11/16/2018
We are very pleased to inform you that our latest ONR sponsored research paper has just been published in ``Computational Brain & Behavior’’ (the newest journal of the Society for Mathematical Psychology) as:
Sibert, C. and Gray, W. D. (2018). The Tortoise and the Hare: Understanding the influence of sequence length and variability on decision making in skilled performance. Computational Brain & Behavior, pages 1–13. DOI: 10.1007/s42113-018-0014-4
This paper is available on my Faculty Website --
http://homepages.rpi.edu/~grayw/pubs/
This work is Catherine’s second 1st author publication on “machine learning approaches” for understanding a complex, cognitive/perceptual/decision-making task. Her first was published last year as:
Sibert, C., Gray, W. D., and Lindstedt, J. K. (2017). Interrogating feature learning models to discover insights into the development of human expertise in a real-time, dynamic decision- making task. Topics in Cognitive Science, 9(2):374–394. DOI: 10.1111/tops.12225
Both papers are part of her PhD dissertation which takes a cognitive modeling/machine learning approach towards understanding, what is for humans, a complex, dynamic, real-time decision making task.

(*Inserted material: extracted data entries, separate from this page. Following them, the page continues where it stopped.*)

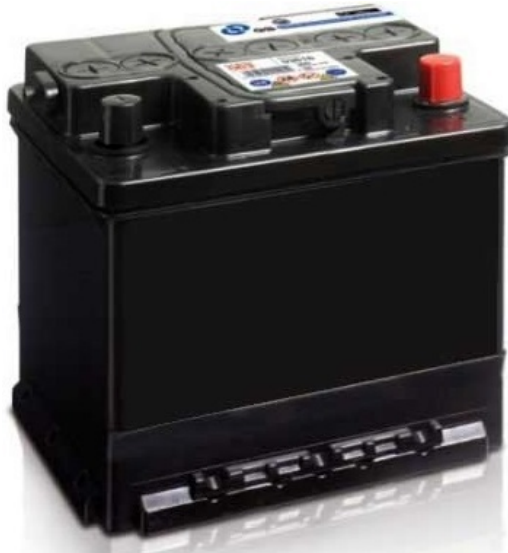
Akumulátor do automobilu

Elektrický akumulátor, kyslé akumulátory, alkalické akumulátory
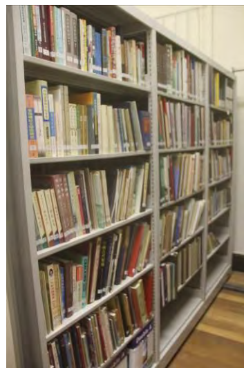
選堂文庫特藏室——簽名本
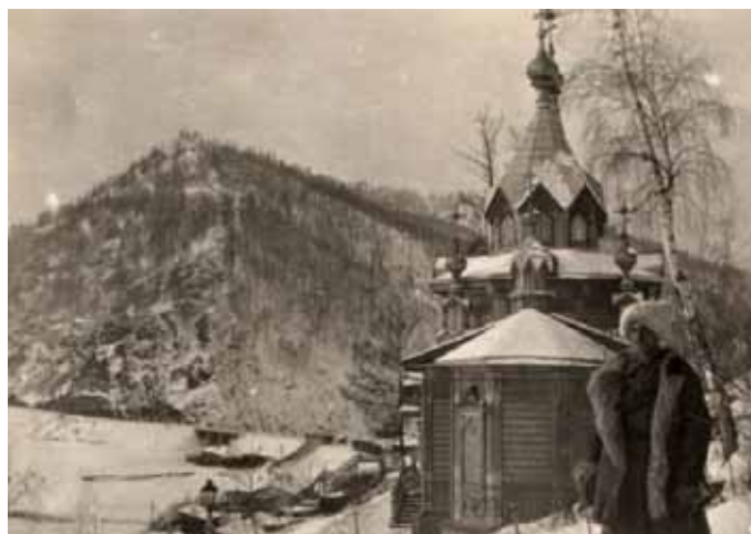
Obrázek 10 – Bajkal, stanice Marituj
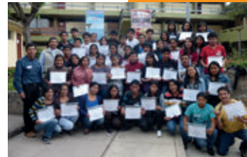
▲ U. N. San Cristóbal de Huamanga
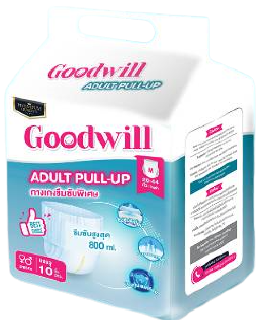
แพมเพิส ไซส์ M รอบเอว 28-44 นิ้ว
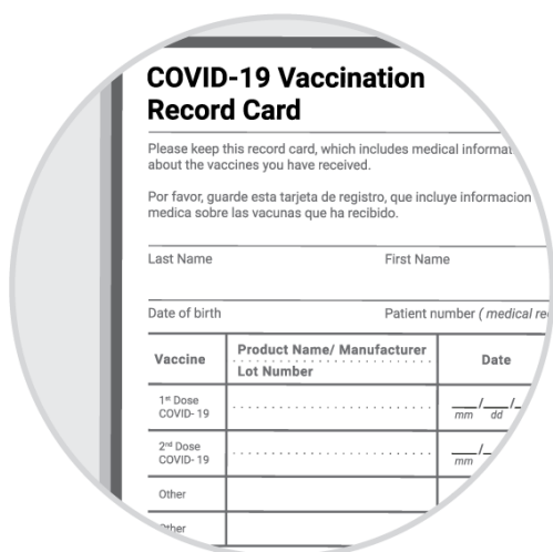
Thẻ tiêm chủng

Quận King yêu cầu bằng chứng tiêm chủng COVID-19 hoặc kết quả xét nghiệm âm tính tại địa điểm này. Các hình thức xác minh hợp lệ bao gồm:
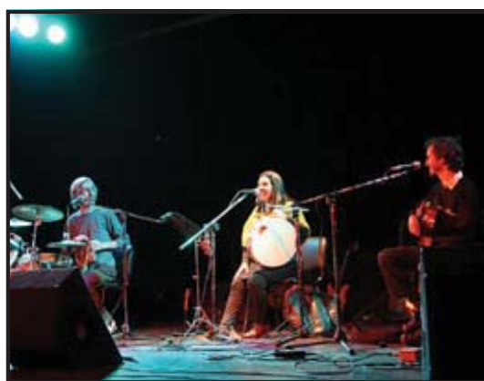
Agrupación folclórica Purazambo.
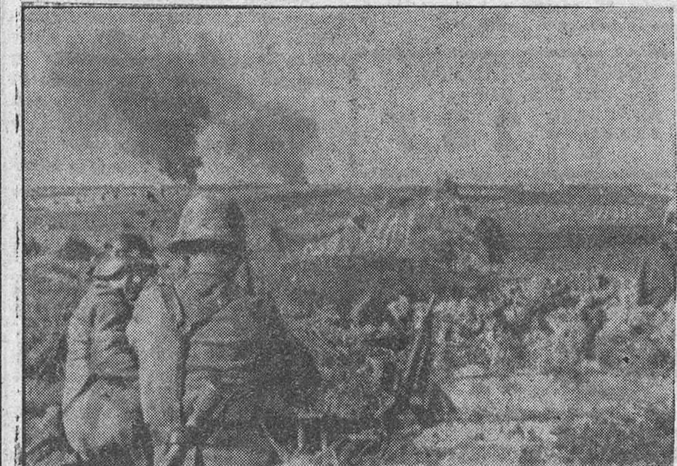
Granaderos alemanes observan desde sus posiciones improvisadas el efecto de los disparos de la artillería propia sobre las líneas enemigas, mientras llega la orden de contraataca.
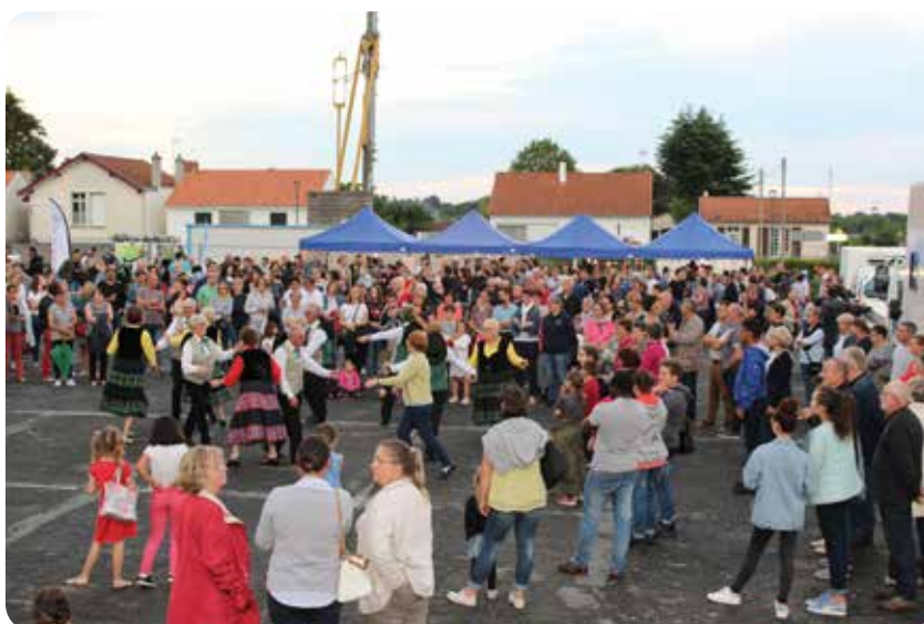
La foule rassemblée autour de la Farandole des Trois Provinces

Alors encore merci à tous et à l'année prochaine pour une cinquième édition !!!

As you may know, our recent work has focused on extreme expertise and data collection at the annual Classic Tetris World Championships. Compared with the 450 hrs of data we have from 450 Rensselaer students who have played an hour each of Tetris in our lab, these champions have a larger repertoire of “movements” an expanded sense of “dynamic decision making” that allows the best of them to make placement decisions based on (a) their mid-term goals (i.e., what they hope to achieve in the next, say 10 zoid placements), (b) the info they have available concerning the “current” and the “next” zoid, and (c) the current state of the Tetris board.
A specific focus of this work is looking for “blunders” made by these experts as well as “blunder recovery”. To remind you, at level 0 of Tetris it takes a zoid 16s to drop 20 lines from top to the bottom of display. At level 16 that drip takes 1 (one!!) second, at level 19 2/3’s of a sec, and at level 29 1/3 of a sec!! At these speeded rates during tournament play the best players execute moves that novices are incapable of making, make blunders, and often but not always recover from these blunders.
Many thanks for your following this project! We hope you enjoy the paper.